### Task goal
Output every line below as it stands, dropping only the images.

### Available data
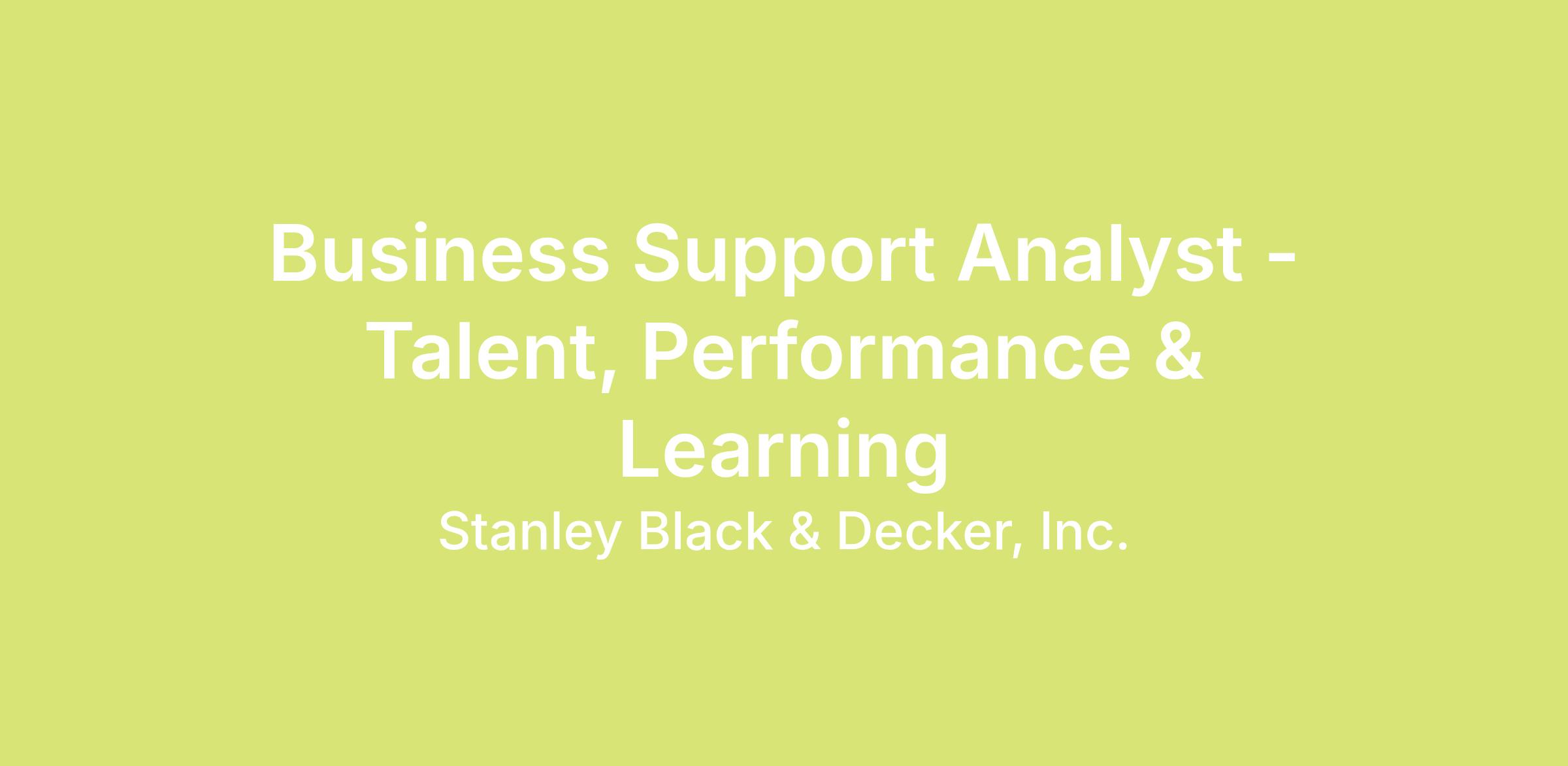 Business Support Analyst – Talent, Performance & Learning - Remote
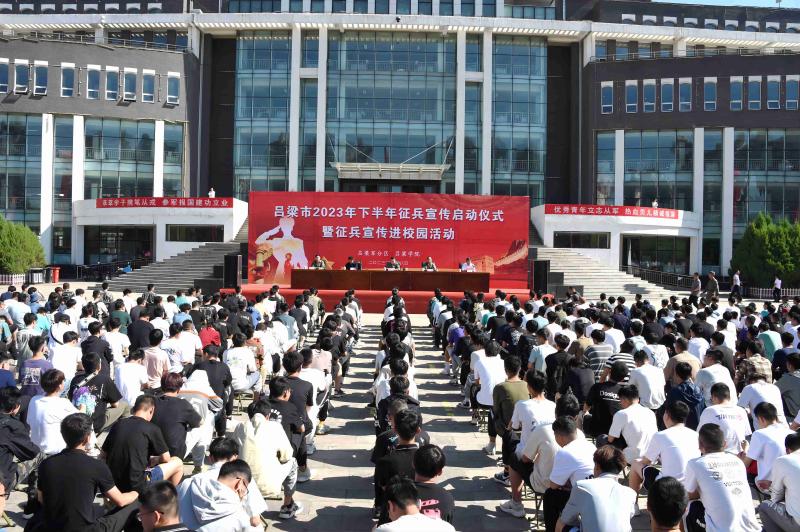 6月8日上午,吕梁市2023年下半年征兵宣传启动仪式暨征兵宣传进校园活动在Beat365图书馆前隆重举行。吕梁军分区大校司令员周世轩、Beat365唯一官方网站党委常委、副院长 王枝胜、吕梁军分区上校动员处处长安令雷、离石区人武部上校政治委员景喜旺出席启动大会。参加会议的还有:吕梁军分区、离石区人武部工作人员,各教学系党总支副书记、毕业班班级辅导员和主任、学生共计1100余人。启动仪式前,薛院长会见了周世轩司令员,就Beat365有关国防教育、军事训练基地建设达成了共识。仪式由Beat365学工部部长(学生处处长)薛宇同志主持。
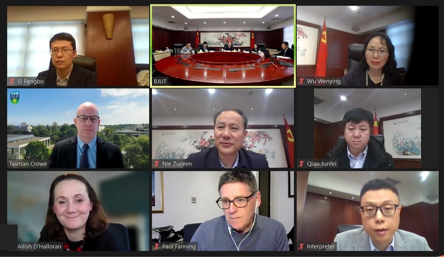 3月1日,yl23455永利官网与爱尔兰国立都柏林大学通过线上召开中爱联合“可持续发展的人才培养与科技创新”大会筹备工作讨论会议。yl23455永利官网党委副书记、董事长聂祚仁,副董事长乔俊飞,爱尔兰国立都柏林大学负责可持续发展事务副董事长塔斯曼·克罗(Tasman Crowe)及中爱双方相关部门领导出席会议。

### Reply to the exercise
 Business Support Analyst – Talent, Performance & Learning - Remote
 6月8日上午,吕梁市2023年下半年征兵宣传启动仪式暨征兵宣传进校园活动在Beat365图书馆前隆重举行。吕梁军分区大校司令员周世轩、Beat365唯一官方网站党委常委、副院长 王枝胜、吕梁军分区上校动员处处长安令雷、离石区人武部上校政治委员景喜旺出席启动大会。参加会议的还有:吕梁军分区、离石区人武部工作人员,各教学系党总支副书记、毕业班班级辅导员和主任、学生共计1100余人。启动仪式前,薛院长会见了周世轩司令员,就Beat365有关国防教育、军事训练基地建设达成了共识。仪式由Beat365学工部部长(学生处处长)薛宇同志主持。
 3月1日,yl23455永利官网与爱尔兰国立都柏林大学通过线上召开中爱联合“可持续发展的人才培养与科技创新”大会筹备工作讨论会议。yl23455永利官网党委副书记、董事长聂祚仁,副董事长乔俊飞,爱尔兰国立都柏林大学负责可持续发展事务副董事长塔斯曼·克罗(Tasman Crowe)及中爱双方相关部门领导出席会议。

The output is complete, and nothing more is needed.